To them, the problem is not about the Nigeria’s debt that has risen to about N41trillion, but how those borrowed funds are effectively deployed to ensure that they directly or indirectly regenerate the value.
On his part, the founder, Cowry Asset Management Limited, Mr. Johnson Chukwu, believes Nigeria clearly has severe revenue shortfall because the country is not generating enough revenue and operating far below its potentials.
“We are currently producing less than 1.5 million barrels of crude. We had done close to 3 million barrels a day at some points when we were the fifth largest producer in the world. Today, we are number 15. But beyond that, are we really getting value for money? I also think we are not optimising the little resources we have. When you talk about management, you look at how we spend the little money we have. Are we privatising appropriately?
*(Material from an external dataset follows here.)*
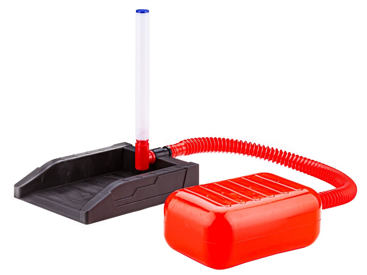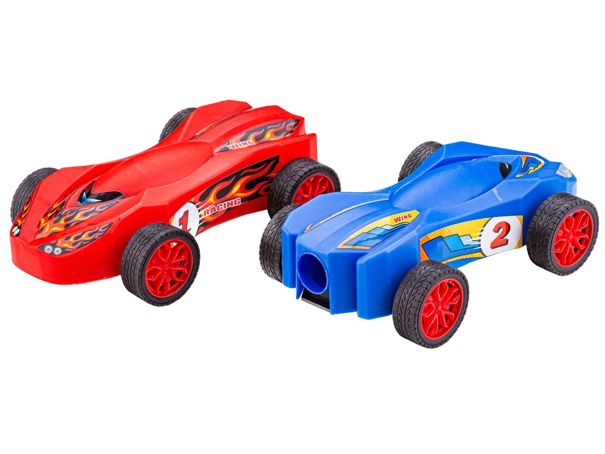 Składamy wyrzutnię łącząc podstawę oraz pompkę. W zależności od tego czy chcemy bawić się wyścigówkami czy rakietami nakładamy na koniec wyrzutni odpowiednią końcówkę. Następnie na zakończeniu umieszczamy zabawkę. Energicznie naduszamy nogą na pompkę. Naduszenie powoduje wzrost ciśnienia wewnątrz rurki. Powietrze znajduje ujście na końcu rurki - wyrzucając naszą rakietę wysoko w powietrze lub auto daleko przed siebie. Im mocniej naciśniemy pompkę - tym dalej mknie nasz pojazd lub leci rakieta. To super zabawa.

And even with the privatisation, are we getting the best value for every naira we declare in the public sector?” he queried.
With lack of efficiency in revenue deployment, he said, there is bound to be revenue management problem because the economy is not getting value.
To him, “I do not think we are doing that, so, when you don’t have efficiency in your revenue deployment, you are going to have a revenue management problem because you are not getting value. So, you end up acquiring resources for bogus amounts, or inflated amounts and also end up spending money on things you don’t need. Those are the two aspects of revenue management weakness.
“There is a challenge in prioritising the most critical expenditures and spending on those most critical expenditures, as getting value for the amount of money we spend on even those items were identified as important. So, for me, Nigeria is suffering both the issue of revenue shortfall and revenue management challenges.”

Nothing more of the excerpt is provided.